Problem details: Every line from the one containing "RajdhaniDaily.com | पाल्पा" to the end of the records below should be returned exactly; pictures are to be dropped.

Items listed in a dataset
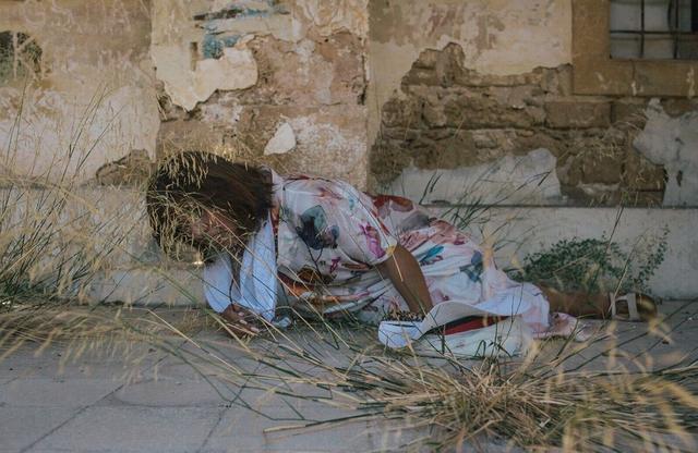 Πίσω από την πλαστική καρέκλα στην οποία κάθεται ο αστυνομικός ξεκινά ένας δρόμος ο οποίος έχει χορταριάσει αλλά περπατιέται. «Σε ποιο ύψος βρισκόμαστε;» ρωτά τον αστυνομικό. «Το σπίτι μου βρίσκεται στον οδό Εσπερίδων.»
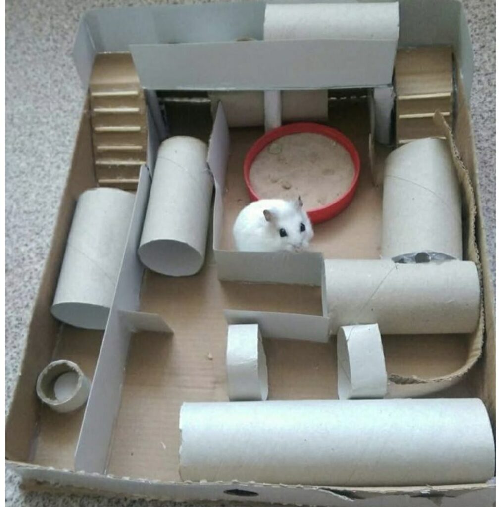 • Szerokość między prętami  w przypadku klatki nie powinna przekraczać 1 cm (dla chomika Roborowskiego 0,6 cm), powinna znajdować się w spokojnym miejscu, z dala od słońca, hałasów, intensywnych zapachów. Najlepszą opcją jest umieszczenie klatki na wysokości – dzięki czemu chomik  będzie mógł spokojnie spać w ciągu dnia, a nam ułatwi obserwację go wieczorem. Zwierzę powinno czuć się komfortowo w swoim mieszkaniu.
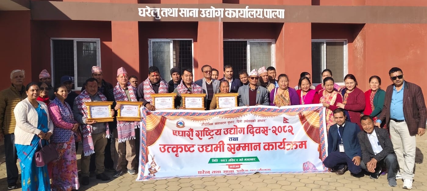 RajdhaniDaily.com | पाल्पा । घरेलु तथा साना उद्योग कार्यालय पाल्पाले जिल्लाका ५ जना उद्यमीहरूलाई उत्कृष्ट उद्यमी सम्मान तथा पुरस्कृत सम्मान गरेको छ । एघारौ राष्ट्रिय उद्योग -
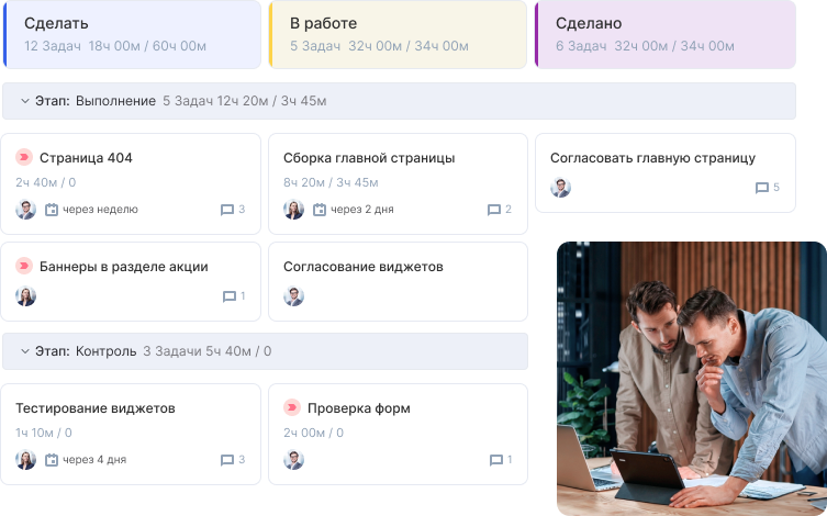 Подойдет для небольших компаний, которым важны отлаженные процессы и инструменты для совместной работы
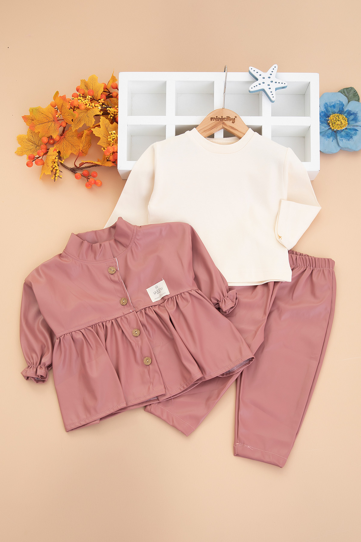 Kız Çocuk Fırfırlı Deri Montlu Takım - 1761 (1-3 Yaş)

Task solution:
 RajdhaniDaily.com | पाल्पा । घरेलु तथा साना उद्योग कार्यालय पाल्पाले जिल्लाका ५ जना उद्यमीहरूलाई उत्कृष्ट उद्यमी सम्मान तथा पुरस्कृत सम्मान गरेको छ । एघारौ राष्ट्रिय उद्योग -
 Подойдет для небольших компаний, которым важны отлаженные процессы и инструменты для совместной работы
 Kız Çocuk Fırfırlı Deri Montlu Takım - 1761 (1-3 Yaş)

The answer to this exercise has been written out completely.